Data under study START

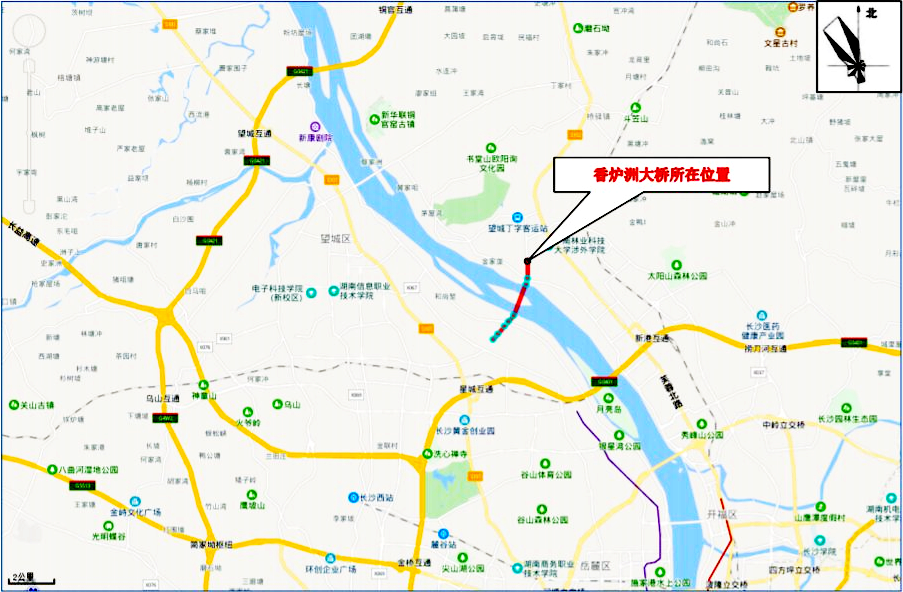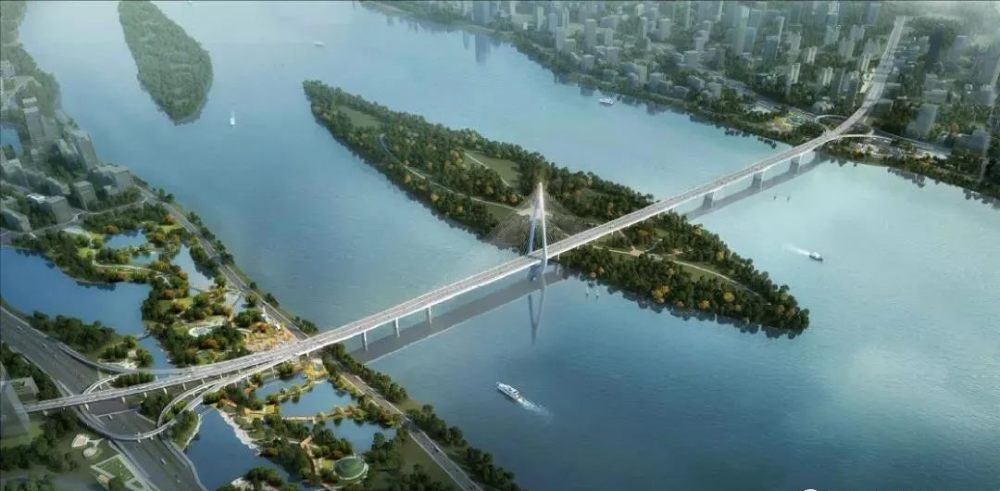 大桥按照I级航道标准建设,可容纳3000吨级船舶通航,抵御5000吨级的撞击力,是湘江跨度最大的独塔斜拉桥。总投资约27.1亿元,建设单位为望城区城投集团全资子公司长沙市望城区沿江建设开发有限公司。
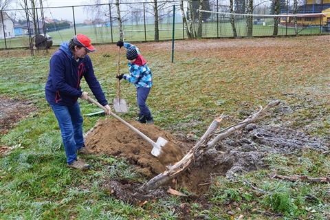 V Myslívě u hřiště se sázely třešně 17.11.2018
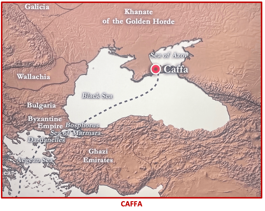 The origin of The Black Death found its locus in northern China, where the Mongols ruled. It was the tail end of the Mongolian Dynasty that had grown to immense size over 100 year earlier, led by the extraordinary leadership and military genius of Genghis Kahn. A Mongol ruling horde, the Tatars, attacked the financially strategic Genoese trading port city of Caffa, in today’s Crimea, on the Black Sea, in 1345. Caffa was so located as to be the primary Gateway to Asia when traveling there from Europe, and the essential Gateway to Europe when bringing goods from Asia to Europe. Whoever controls Caffa had significant advantage and regional dominance.
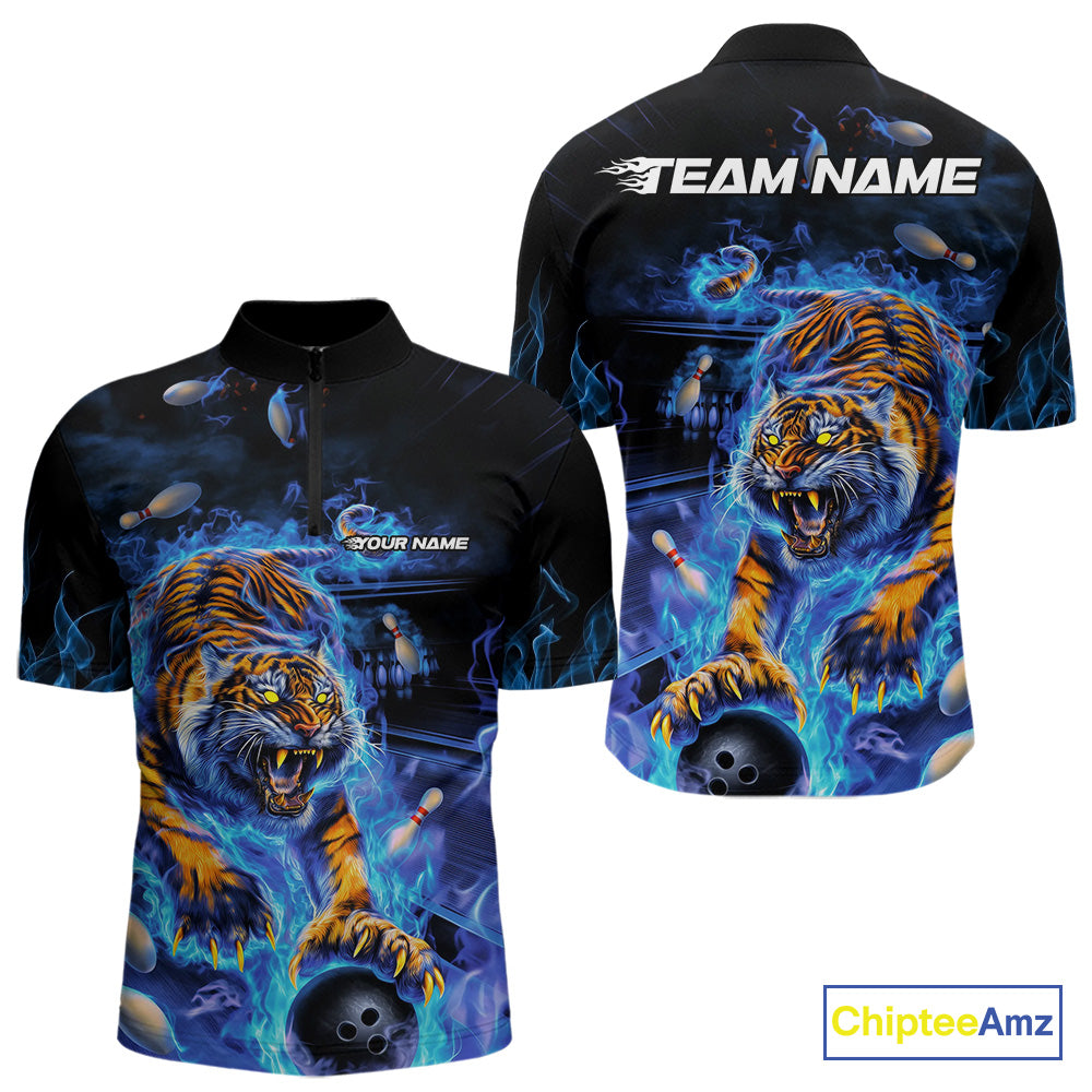 Custom Blue Fire Flame Tiger Bowling Team Quarter-Zip Shirts For Men, Tiger Bowling Jerseys IPHW9481
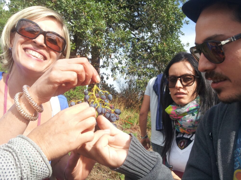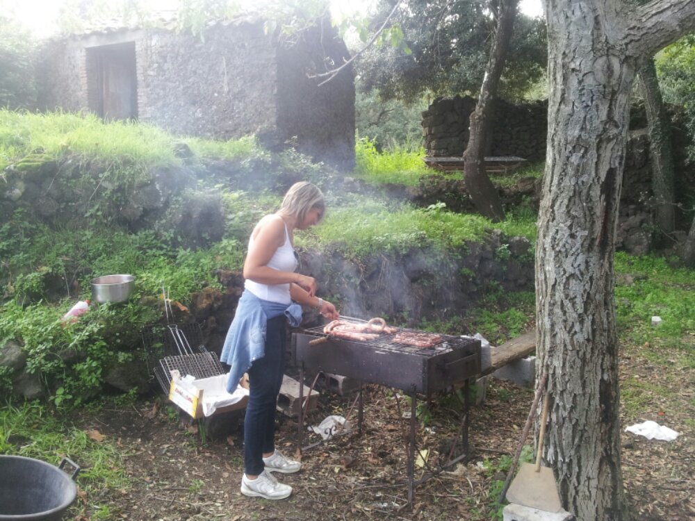 Nessun commento su Eccomi insieme a molti altri gitanti tutti degustatori o pseudo tali ma certo tutti gradiscono :-), fra vigne e vigneti, degustazioni di ottimi vini dell’Etna e squisito cibo “arrusti e mangia… Beviamo Giretto rosso I.G.P. Nerello Mascalese in purezza e per cambiare olfatti sapori e abbinamenti e ritorni al palato, si beve anche il Due Note blend di Nero d’Avola e Nerello Mascalese.
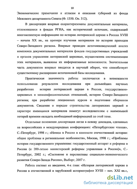 7 содержащих основные источники по истории лютеранских приходов на Северо-Западе России. Ограничение числа фондов и их отбор обусловлены, прежде всего, тем, что выявление и анализ всей совокупности документальных материалов по этой теме, хранящихся в РГИА, в пределах одной диссертационной работы является практически невозможным.
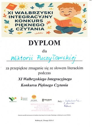 Konkurs ten to doskonała okazja, aby zaprezentować swoje zdolności czytelnicze, wyrazić siebie i pokazać pasję do książek. Reprezentantki naszej szkoły Karolina Piechocka z kl. Ia i Wiktoria Puczyłowska z kl. IVa zaprezentowały fragmenty książek zakupionych z funduszy Narodowego Programu Rozwoju Czytelnictwa. W tym roku komisja konkursowa doceniła zaangażowanie wszystkich uczestników, nagradzając ich dyplomami i upominkami.

Data under study END

_Task description:_ Repeat the data above exactly; images are not part of the copy.

_Response to the exercise:_
 大桥按照I级航道标准建设,可容纳3000吨级船舶通航,抵御5000吨级的撞击力,是湘江跨度最大的独塔斜拉桥。总投资约27.1亿元,建设单位为望城区城投集团全资子公司长沙市望城区沿江建设开发有限公司。
 V Myslívě u hřiště se sázely třešně 17.11.2018
 The origin of The Black Death found its locus in northern China, where the Mongols ruled. It was the tail end of the Mongolian Dynasty that had grown to immense size over 100 year earlier, led by the extraordinary leadership and military genius of Genghis Kahn. A Mongol ruling horde, the Tatars, attacked the financially strategic Genoese trading port city of Caffa, in today’s Crimea, on the Black Sea, in 1345. Caffa was so located as to be the primary Gateway to Asia when traveling there from Europe, and the essential Gateway to Europe when bringing goods from Asia to Europe. Whoever controls Caffa had significant advantage and regional dominance.
 Custom Blue Fire Flame Tiger Bowling Team Quarter-Zip Shirts For Men, Tiger Bowling Jerseys IPHW9481
 Nessun commento su Eccomi insieme a molti altri gitanti tutti degustatori o pseudo tali ma certo tutti gradiscono :-), fra vigne e vigneti, degustazioni di ottimi vini dell’Etna e squisito cibo “arrusti e mangia… Beviamo Giretto rosso I.G.P. Nerello Mascalese in purezza e per cambiare olfatti sapori e abbinamenti e ritorni al palato, si beve anche il Due Note blend di Nero d’Avola e Nerello Mascalese.
 7 содержащих основные источники по истории лютеранских приходов на Северо-Западе России. Ограничение числа фондов и их отбор обусловлены, прежде всего, тем, что выявление и анализ всей совокупности документальных материалов по этой теме, хранящихся в РГИА, в пределах одной диссертационной работы является практически невозможным.
 Konkurs ten to doskonała okazja, aby zaprezentować swoje zdolności czytelnicze, wyrazić siebie i pokazać pasję do książek. Reprezentantki naszej szkoły Karolina Piechocka z kl. Ia i Wiktoria Puczyłowska z kl. IVa zaprezentowały fragmenty książek zakupionych z funduszy Narodowego Programu Rozwoju Czytelnictwa. W tym roku komisja konkursowa doceniła zaangażowanie wszystkich uczestników, nagradzając ich dyplomami i upominkami.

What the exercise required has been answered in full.